El ser humano es un sujeto simbólico. Al menos, en cuanto a que con todo –con todo– produce sentido y a que en todo –en todo– interpreta un sentido. Incluso, normalmente, sin que se dé cuenta.
La semiología, que se ocupa del estudio de los signos y de los símbolos, mucho puede decir sobre el tema. Y mucho dice. Por caso, el gran semiólogo argentino Eliseo Verón postulaba que toda producción de sentido es necesariamente social. Y que, además, todo fenómeno social es, en una de sus dimensiones, una producción de sentido.
En esa línea de pensamiento y porque por definición son convencionales, los símbolos “hablan” claramente de una sociedad. Como si se dijera que la expresan de manera metafórica, porque están ahí para representar algo distinto de lo que son ellos mismos.
Trataré de ser más clara. Si un símbolo es una cosa –imagen, objeto, comportamiento– que está ahí para evocar otra cosa, el bastón de mando que pasa de quien encabeza una presidencia nacional a quien encabeza la siguiente (siempre y cuando se lo pasen) es el símbolo de –está ahí para evocar– la responsabilidad y el poder que se asumen con el cargo.
En los últimos meses, en las calles de Buenos Aires por lo menos, han empezado a proliferar vendedores de pañuelos. No hablo de los típicos vendedores de pañuelos descartables que aparecen con los primeros fríos (los pañuelos descartables aparecen; y los vendedores de esos pañuelos también, aunque es probable que algunos de ellos ya estuvieran y solo reciclen la mercancía según la estación del año).

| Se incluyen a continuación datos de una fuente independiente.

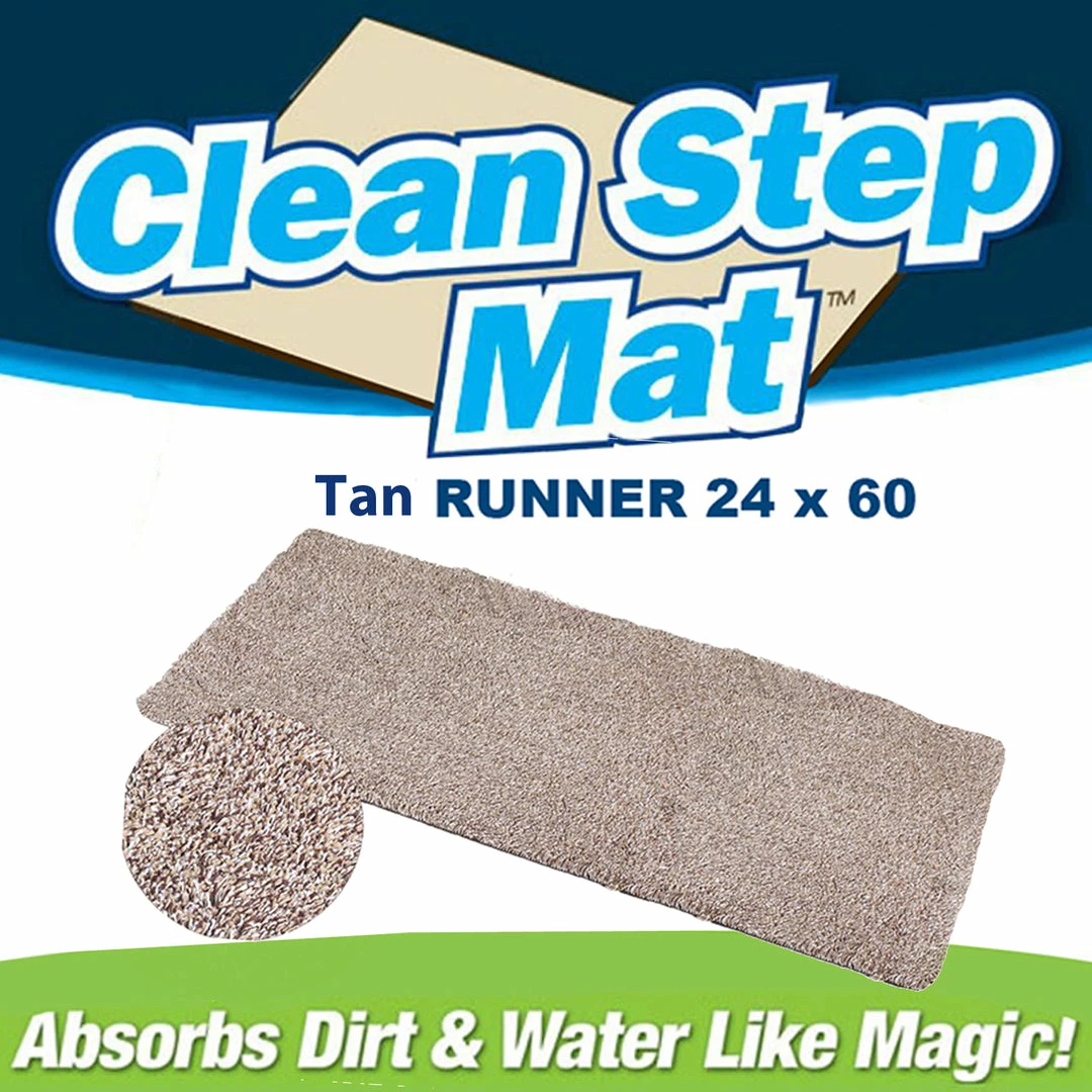 Clean Step Mat Runner Tan- Just like the Original Clean Step Mat but in a new larger size! Super absorbent runner . Absorbs mud like magic! Just step to clean, no need to wipe your feet. Clean Step Mat absorbs mud like magic! Clean Step Mat Runner, the super absorbent doormat traps dirt and water instantly, keeping floors clean and dry. Non-slip latex backing won’t slip or scuff floors. Low profile design so doors won’t get stuck. Machine washable. Clean Step Mat’s secret is millions of super absorbent fibers that absorb mud and water like magic. Just step to clean, No need to wipe your feet! Clean Step Mat Runner, soaks up mud, rain, snow, slush and sleet. No more messy floors. Great for the front door, back door, garage door or wherever there is a door! Perfect for kids and pets.The secret is the millions of super absorbent fibers that remove mud and water from shows instantly. Made of 55% cotton and 45% microfiber. Standard sized runner 24″ x 60″. This item ships in mail order (non retail) packaging. Includes: 1 x Clean Step Mat Runner 24 x 60- Tan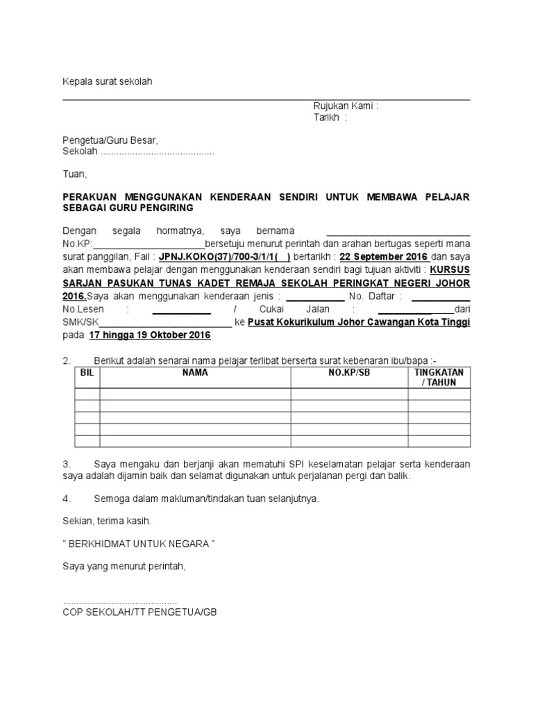Surat Kebenaran Membawa Murid Dgn Kenderaan Sendiri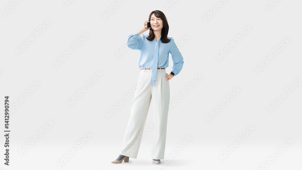 スマートフォンで話す笑顔の女性・ビジネスウーマン

Sin soslayar el mensaje intrínseco de su presencia –esto es, que no tienen trabajo en otra parte–, hablo de los vendedores de pañuelos de colores: verde, celeste, fucsia, rojo, violeta, naranja, rojo más claro, azul. Esos pañuelos triangulares que alzaron con energía las y los manifestantes en los días previos y en las largas jornadas de debate en el Congreso por la ley de interrupción voluntaria del embarazo.
Ya sabemos que, entre nosotros, esos pañuelos de color tienen un antecedente insigne: el de distinguir a las madres –las Madres de Plaza de Mayo– que reclamaban valerosamente por sus hijos detenidos/desaparecidos en la última dictadura. Los pañuelos blancos.
Pero lo sorprendente hoy es esta inesperada profusión de colores. Si el blanco proponía invocar una paz limpia en medio de una guerra sucia, los nuevos pañuelos ya no resultan tan lineales en su simbología. Hace falta acceder a las leyendas escritas en ellos para entender su diccionario específico.
Los primeros son los más conocidos: los verdes indican apoyo a la ley de interrupción voluntaria del embarazo y los celestes, opuestos a ellos, hablan de “salvar las dos vidas”. Ahora vienen los otros. Los de color naranja suscriben la separación de la Iglesia y el Estado. Los de color fucsia piden que no se maltrate a los animales. Los rojo intenso están en favor de la ley de adopción y los rojo suave, en contra de la creación de la Unicaba. Los violeta exigen “Ni una menos”. Y los azules, la defensa de la universidad pública.
Más allá de la tarea de los académicos para historiar y explicar el fenómeno, para ubicarlo en esa trama social de gramáticas y discursos de la que habla Verón, me gustaría imaginar que quienes tienen algún impacto en la toma de decisiones nacionales (o provinciales o municipales) se interesan –solo un ratito– por desentrañar el significado de estas comunidades que necesitan visibilizarse. Que están produciendo sentido de una forma deliberada. Que alzan una voz de colores.
En una época en la que abundan los dobles discursos, las idas y venidas y las señales que confunden, no resulta inconcebible que se use una marca nítida para decirle al resto en qué equipo se juega. Al fin y al cabo, es una forma de ir separando la paja del trigo, ¿no?
*Directora de la Maestría en Periodismo de la Universidad de San Andrés.